In 1946, Kazak spent the season in the South Atlantic League, playing for the Columbus Cardinals. In 1947, he played for the Omaha Cardinals of the Western League and the Rochester Red Wings of the International League. Though he has been a second baseman throughout his career, he moved to third base while playing for Rochester in 1948. By the end of the season, Kazak was promoted to the major leagues.

Kazak made his major league debut on September 29, 1948, and played in six games with 22 at bats during the 1948 season. The 1949 season was Kazak's best statistical season. In 92 games, he had a career-high batting average of .304, 6 home runs, and 3 triples.

When Kazak was named the starting third baseman for the National League team in the 1949 Major League Baseball All-Star Game, he became only the fourth rookie player in MLB history to start in an All-Star Game after Joe DiMaggio (1936), Dick Wakefield (1943) and Richie Ashburn (1948).
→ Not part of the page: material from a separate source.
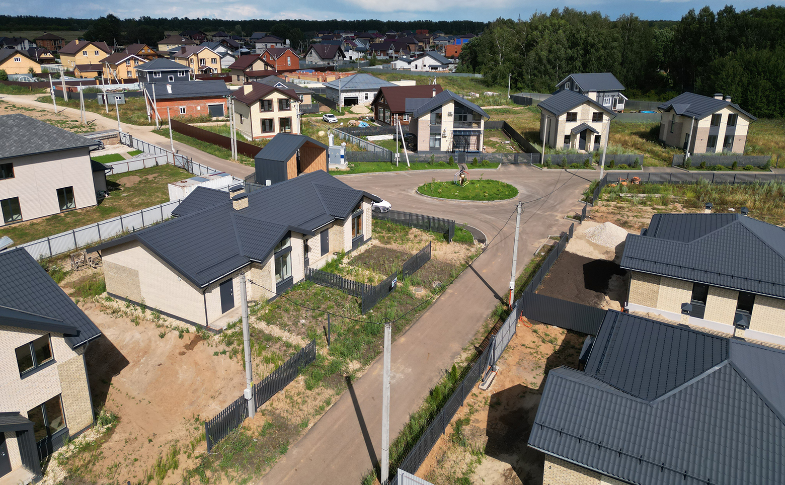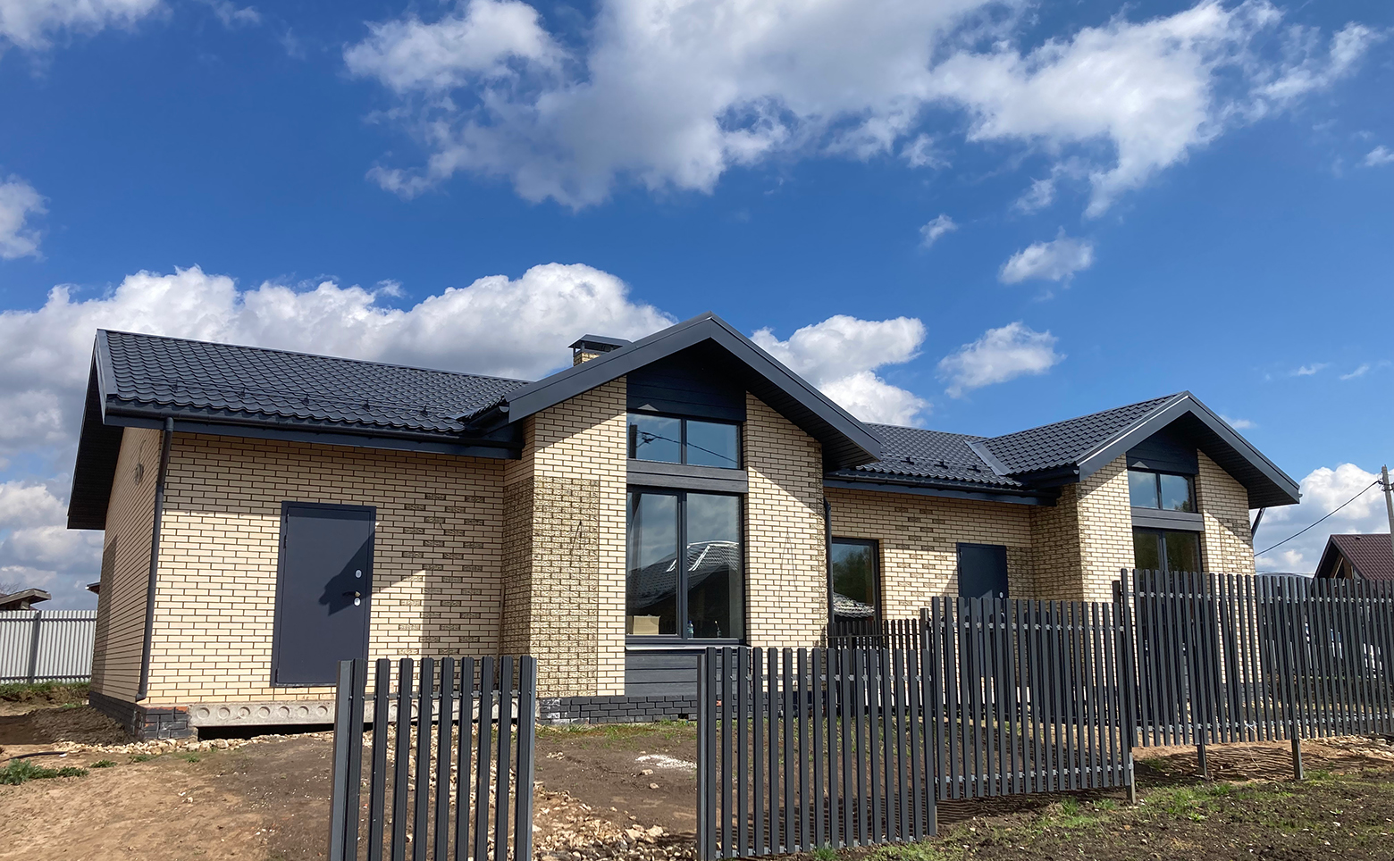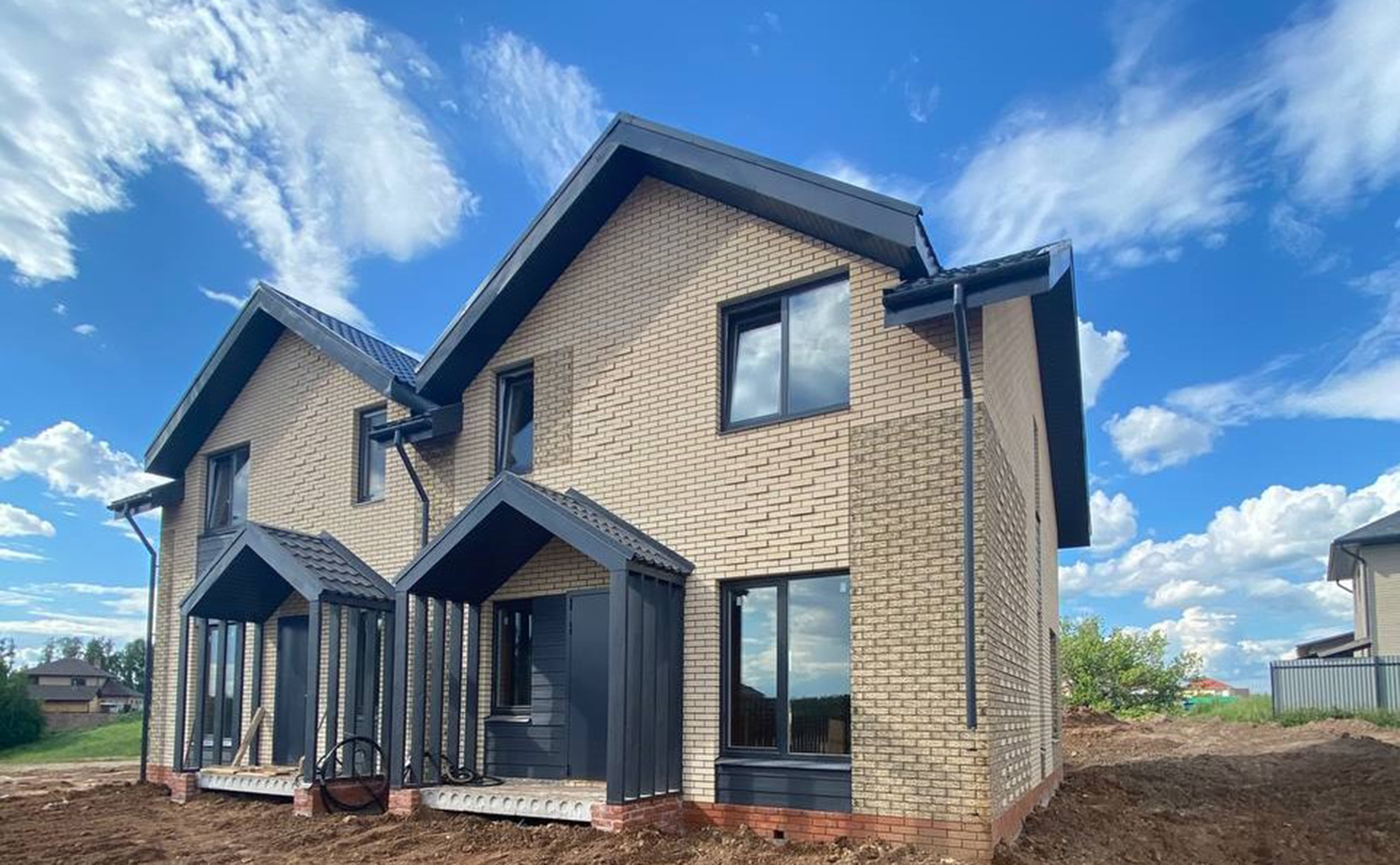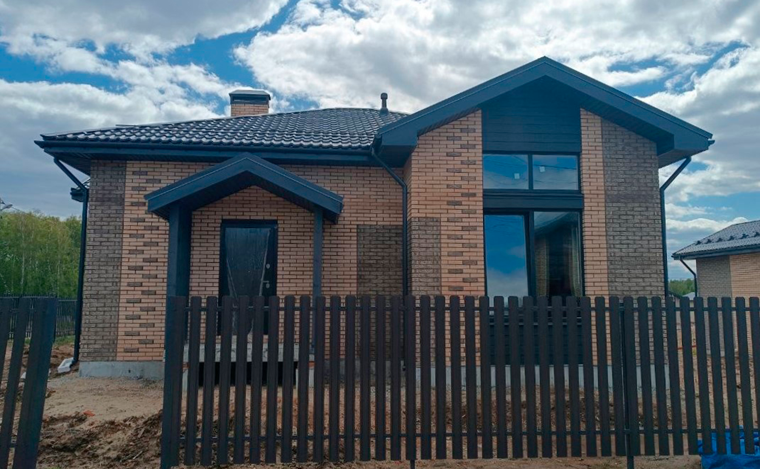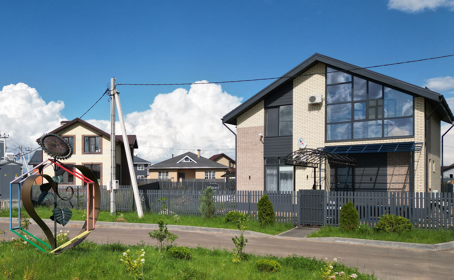 Коттеджный поселок включает в себя множество домов, объединенных общей территорией и инфраструктурой. Здания возведены по долговечной кирпичной технологии строительства. Фасады домов облицованы кирпичом и выполнены в едином стиле.

However, Kazak was later injured and lost his starting job to Tommy Glaviano, becoming a pinch hitter during the 1950 season. He had 207 at-bats in 93 games during the 1950 season, and led the National League with 42 pinch hit at-bats. Kazak only played 11 games the following season, and after playing three games in 1952, he was traded along with Wally Westlake from the Cardinals to the Reds for Dick Sisler and Virgil Stallcup on May 13, 1952. However, Kazak only had one hit in 13 games as a member of the Reds, which marked the end of his Major League career.

Kazak continued to play baseball after his major league career was over. He played his last professional game at the age of 40 in 1960 while playing for Austin in the Texas League. He died in Austin, Texas on December 15, 1999.